After we created a few test forms, cForms didn’t seem overpowering or too strong, at all. There are still some features, I’m sure, that we’re not (yet, anyway) using to the fullest possible potential, but once the site’s live, yes, things will be working to that level.

At one point in our testing though, after doing an upgrade of cForms, the captcha field was no longer displaying its text. If you’re not familiar with the term captcha, you’re most likely familiar with captcha, in use. Captcha is an acronym meaning, Completely Automated Public Turing Test to Tell Computers and Humans Apart.

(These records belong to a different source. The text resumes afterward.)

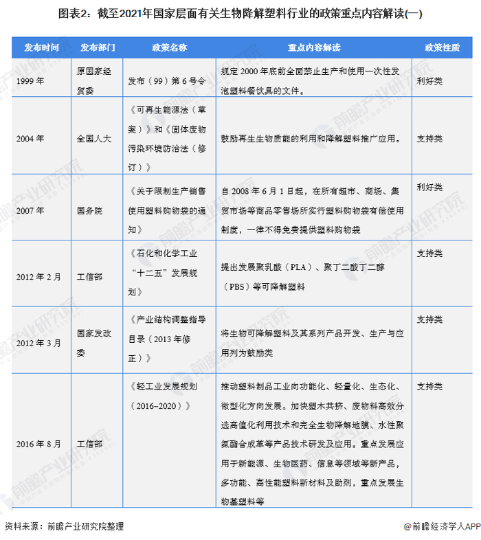 原标题:重磅!2021年中国及31省市生物降解塑料行业政策汇总及解读(全)“禁塑令”驱动行业发展 来源:前瞻产业研究院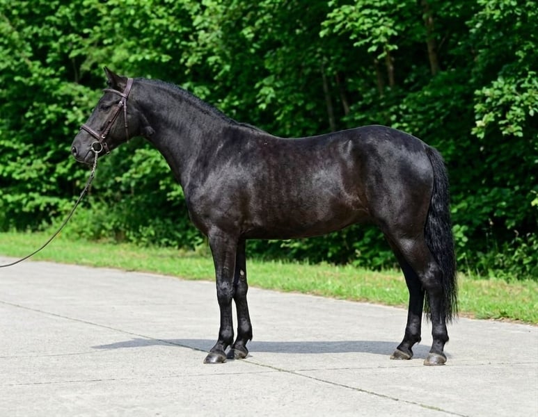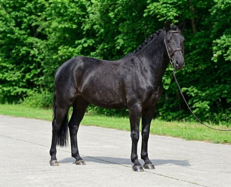 For sale is my beautiful 6-year-old black pony mare Fanni, with a height of 142 cm. She is completely healthy, regularly checked, and free of any bad habits. Her calm and balanced nature makes her an ideal choice for children. In the field, she is reliable both alone and in a group; she is not spooky and very well-behaved. She gets along well with other horses – during the day, she shares the pasture with several horses, and at night, she is stabled. Handling her is straightforward: she stands quietly for grooming, neither nervous nor spirited. She loads onto a horse trailer without any issues. Fanni shows talent in both jumping and dressage but is also excellent for beginners and for children learning to ride. Further information gladly provided via WhatsApp: 📞 +36 30 827 3182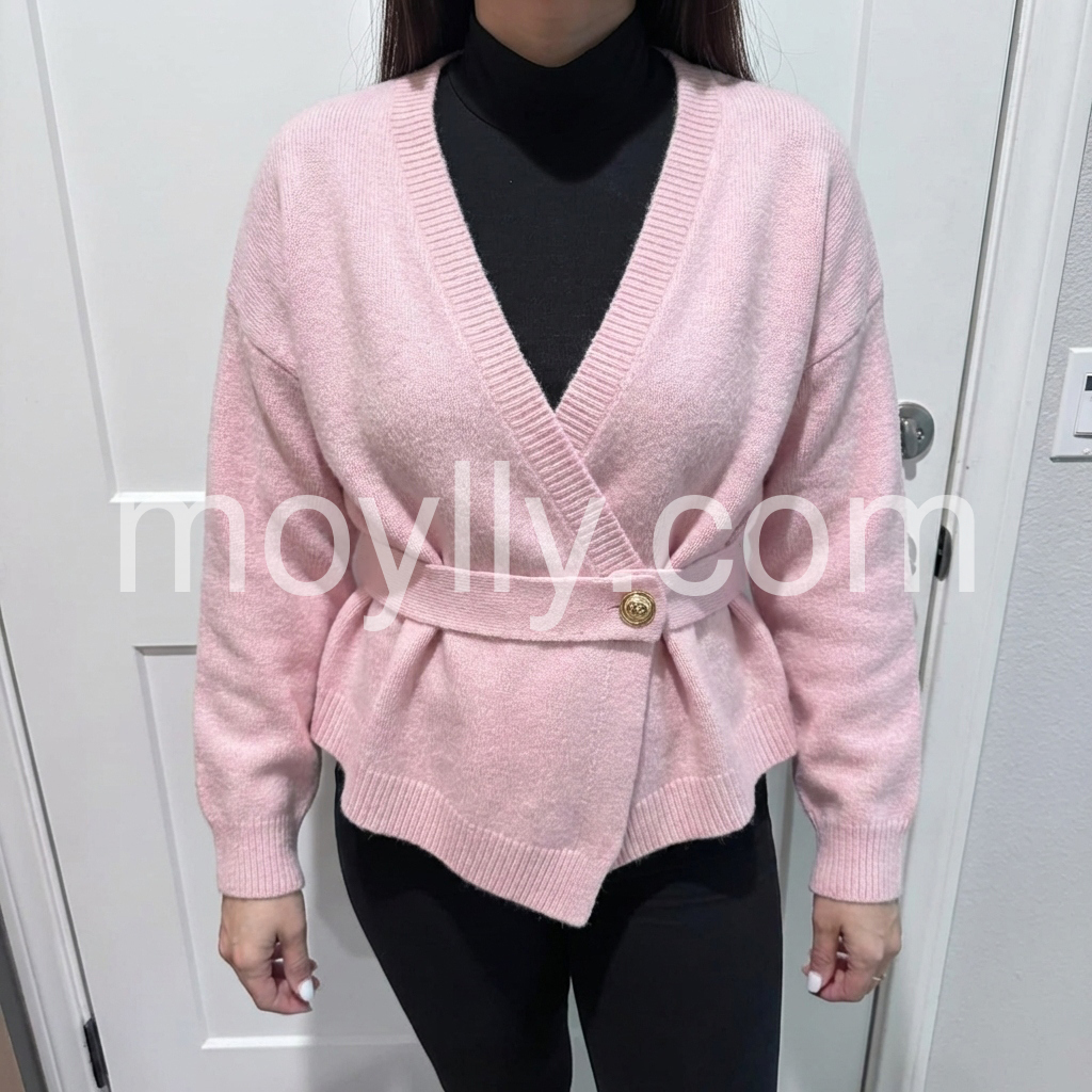 This cardigan is made with high-quality material and features a sweet pink color, long sleeves, and a plain design. Perfect for any occasion, it provides comfort and style. Made to last, this cardigan is sure to become a staple in your wardrobe.

Wow! That’s a mouthful, but it really isn’t clear what it is, right? No problem. The simple definition is that it is that funny box, often rectangular or square, but it can be any shape, any size, and has a variety of patterns and often displays in a variety of colors. In the box are letters or numbers or a combination of letters and numbers, often with scratch marks and lines near and over the text. It’s designed to make it near-impossible for image scanners to accurately "read" and then enter the displayed combination in the text field. That text field is the "verification" sites use for things such as allowing you to login, create an account, post a message, make a payment, and other things.

When the captcha text disappeared, I posted a note on the [6] cForms support forum, asking for guidance in fixing the problem. The developer, Oliver Seidel, replied on the forum, then, after a few exchanges, contacted me via email. He worked in the backend of the site, trying to figure out what happened and why.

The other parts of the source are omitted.